**WORK TASK**. Leave the pictures out and return every line below exactly.

**RECORDED INFORMATION**.
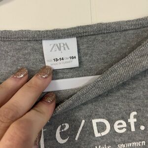 ZARA youth, size 13-14 grey long sleeveve sweater, banded cuffs and hem, graphic
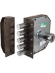 Боковой накладной замок (5 ригелей), с одной точкой запирания. Удаление ключевого отверстия 63мм. Открытие изнутри ручкой. Одинарный наружный нажимной цилиндр. Размеры корпуса 132х146х30. Ход засовов 40мм.
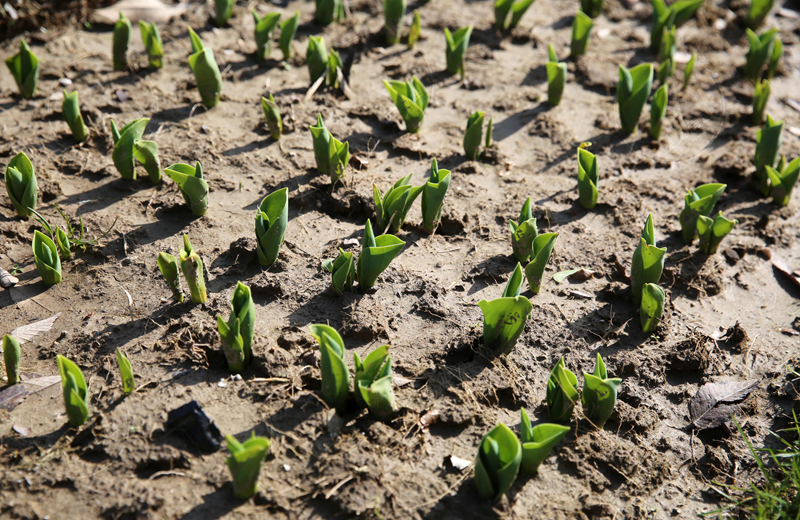 發(fā)布時(shí)間:2023-02-17 編輯:王婷 來(lái)源:視覺(jué)南通網(wǎng)2月16日,嗇園內(nèi)的郁金香幼芽長(zhǎng)勢(shì)喜人。去年12月中旬,嗇園20多萬(wàn)顆郁金香種子陸續(xù)栽植入地。栽種過(guò)程中,工作人員將枯枝落葉粉碎堆肥后制成腐殖土,埋入地下提供養(yǎng)分。他們先后完成方案設(shè)計(jì)、種球篩選、現(xiàn)場(chǎng)放線等多項(xiàng)工作。

**EXERCISE SOLUTION**.
 ZARA youth, size 13-14 grey long sleeveve sweater, banded cuffs and hem, graphic
 Боковой накладной замок (5 ригелей), с одной точкой запирания. Удаление ключевого отверстия 63мм. Открытие изнутри ручкой. Одинарный наружный нажимной цилиндр. Размеры корпуса 132х146х30. Ход засовов 40мм.
 發(fā)布時(shí)間:2023-02-17 編輯:王婷 來(lái)源:視覺(jué)南通網(wǎng)2月16日,嗇園內(nèi)的郁金香幼芽長(zhǎng)勢(shì)喜人。去年12月中旬,嗇園20多萬(wàn)顆郁金香種子陸續(xù)栽植入地。栽種過(guò)程中,工作人員將枯枝落葉粉碎堆肥后制成腐殖土,埋入地下提供養(yǎng)分。他們先后完成方案設(shè)計(jì)、種球篩選、現(xiàn)場(chǎng)放線等多項(xiàng)工作。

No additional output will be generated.